The execution of processes leaves trails of event data in information systems. These event data are analyzed to generate insights and improvements for the underlying process. However, companies do not execute these processes in a vacuum. The fast pace of technological development, constantly changing market environments, and fast consumer responses expose companies to high levels of uncertainty. This uncertainty often manifests itself in significant changes in the executed processes. Such significant changes are called concept drifts. Transparency about concept drifts is crucial to respond quickly and adequately, limiting the potentially negative impact of such drifts. Three types of knowledge are of interest to a process owner: When did a drift occur, what happened, and why did it happen. This paper introduces a framework to extract concept drifts and their potential root causes from event data. We extract time series describing process measures, detect concept drifts, and test these drifts for correlation. This framework generalizes existing work such that object-centric event data with multiple case notions, non-linear relationships, and an arbitrary number of process measures are supported. We provide an extendable implementation and evaluate our framework concerning the sensitivity of the time series construction and scalability of cause–effect testing. Furthermore, we provide a case study uncovering an explainable concept drift.

Graphical abstract

Introduction

Throughout the past decades, information systems have become an elementary component supporting various businesses. Executions of business processes [1] leave traces of event data in such information systems, describing the conducted actions. These data can be analyzed to generate insights and improvements for the supported processes. The techniques dealing with these types of problems are summarized under the term process mining [2]. Applying such techniques helps businesses increase efficiency by understanding their processes and is, therefore, a fundamental part of every competitive company.

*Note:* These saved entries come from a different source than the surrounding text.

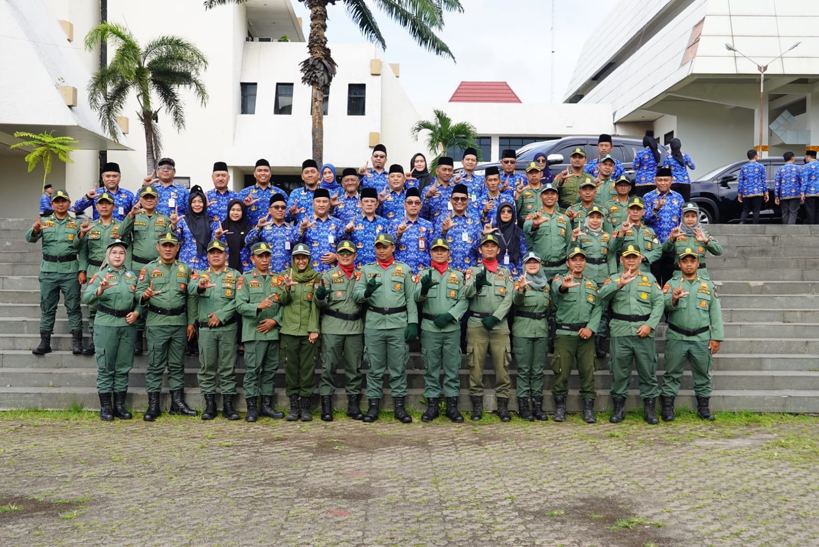 Gubernur Lampung diwakili Asisten Pemerintahan dan Kesra menjadi pembina upacara bulanan di Lingkungan Pemerintah Provinsi Lampung, di Lapangan Korpri, Rabu (17/09/2025).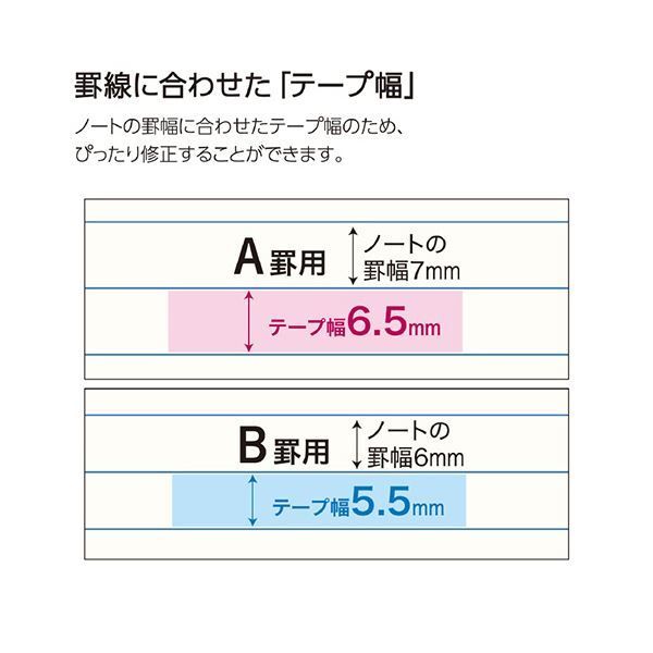 ●罫線にあわせたテープ幅のため、ぴったり修正することができます。A罫用、10個セットです。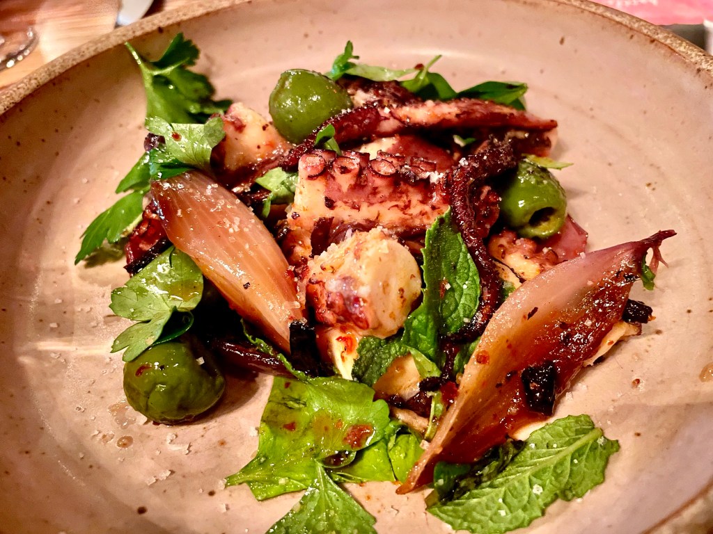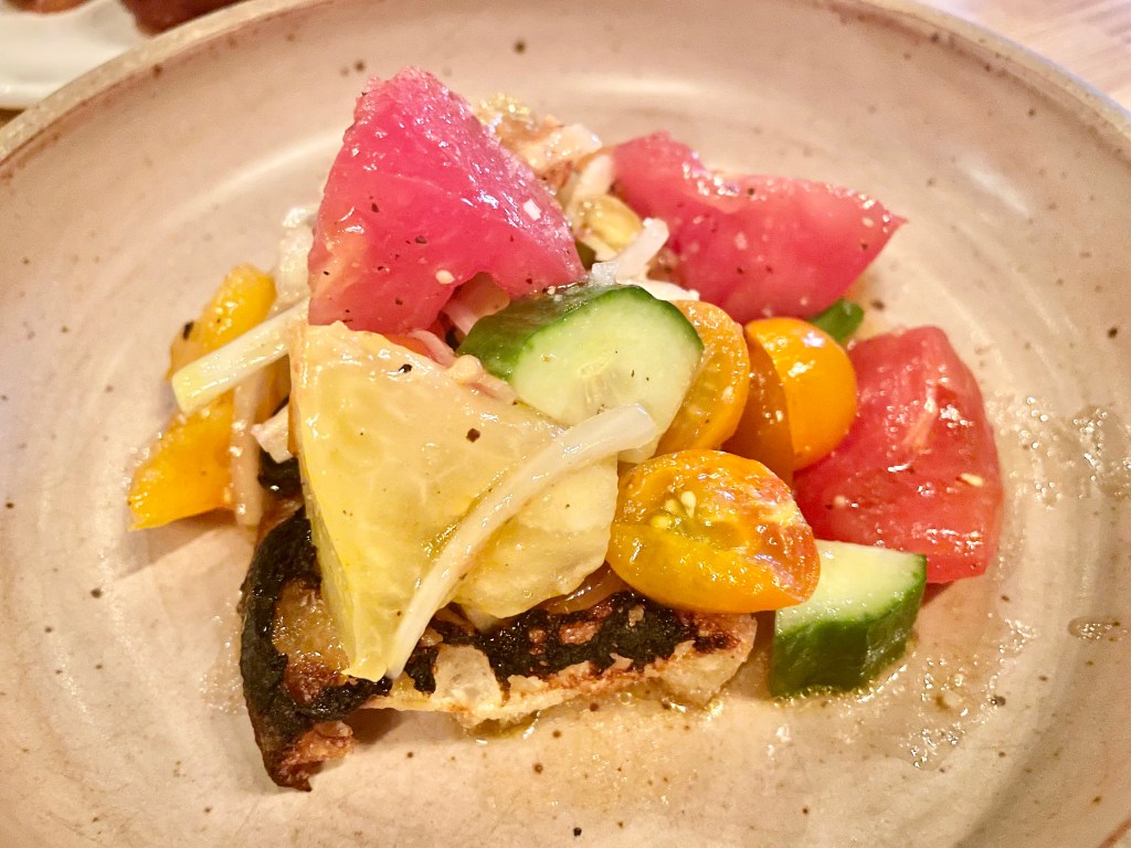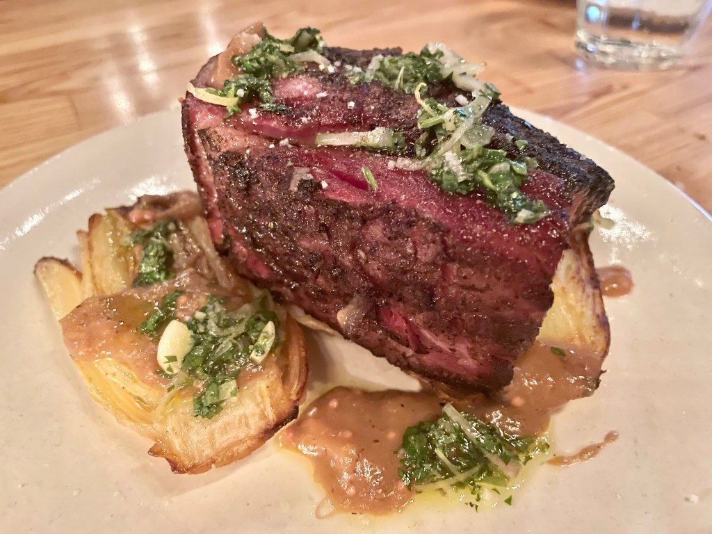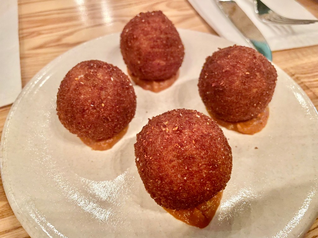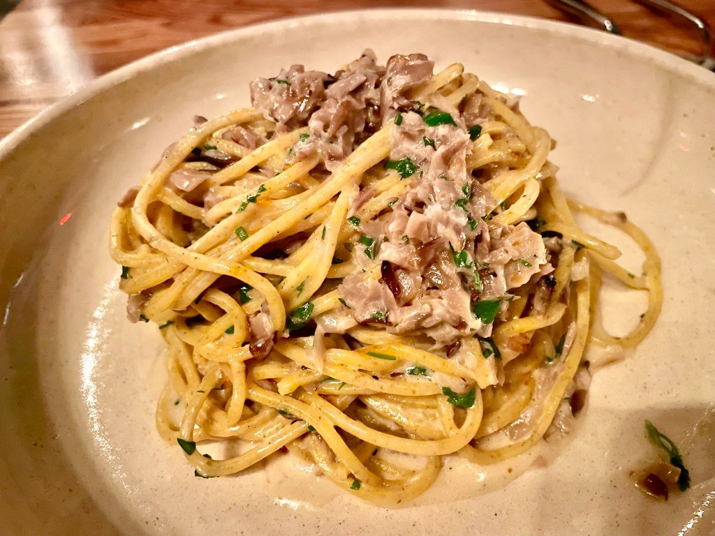Opened by the team behind the Mediterranean standout Tail Up Goat (which we also liked on our initial visit; will report back with a formal review at some point in the future) shortly before the pandemic began, Reveler’s Hour does not try too hard to please its diners. Looking at the menu only will not give a lasting impression that the kitchen is doing something extraordinary until you take that first bite of a soulful pasta dish. But before you go on your carb indulgence, I do suggest ordering a few appetizer dishes like the grilled octopus with red onions that was cooked more or less to perfect texture (which in our culinary journey has been surprisingly tricky to find in restaurants), or the eggplant parmesan arancini with smoked mozzarella and pepper that was quite hearty and delicious. On to the pasta. On our initial visit in the spring, the lumache pasta with spicy pork ragu we tried would be a standout pasta anywhere with its rich and homey feel, but the best dish of the night, to our great surprise, did not even use animal products as main ingredients. After taking the first bite of the spaghetti alla chitarra with wood roasted mushrooms and shallots, Jun’s eyes opened up widely and she exclaimed she had never tasted anything like this before. We’ve had pasta dishes using mushrooms before, but the earthy flavor that the kitchen showcased was simply exceptional.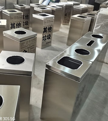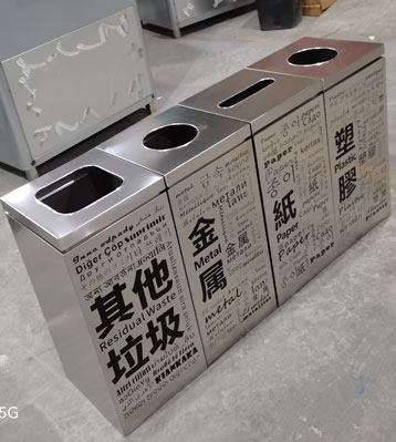 多國文字組合式不銹鋼分類垃圾桶工廠批量生產(chǎn)圖

Different process mining techniques have different objectives of knowledge discovery. Process discovery, for example, delivers a visual representation of the possible executions paths within a process [3]. Conformance checking techniques allow a user to uncover deviations of process executions and measure the correspondence of a process to the recorded event data [4]. Other techniques aim to identify and solve problems within a process, e.g., by simulation [5] or by predicting problematic process executions [6].

Concept drift is one process-related problem that has drawn attention over the past years [7], [8], [9]. A concept drift is a significant change in a process over time. The occurrence of a concept drift may lead to several problems or inefficiencies. However, concept drifts are challenging to detect and analyze because the process is already dynamic, exhibiting stochastic behavior. In the literature, three main questions about problems related to concept drifts are of importance: (1) When did the concept drift occur? If a concept drift happens in the control-flow of the process, i.e., the ordering of executed actions, process discovery, conformance checking, and predictive monitoring techniques have to be adjusted accordingly [10]. (2) What happened and how did it happen? Significant changes need to be understood by the process owner to react accordingly [11]. (3) Why did it happen? Significant changes might be caused by other changes in the process [12]. Uncovering potential cause–effects helps to uncover problems and improve the process.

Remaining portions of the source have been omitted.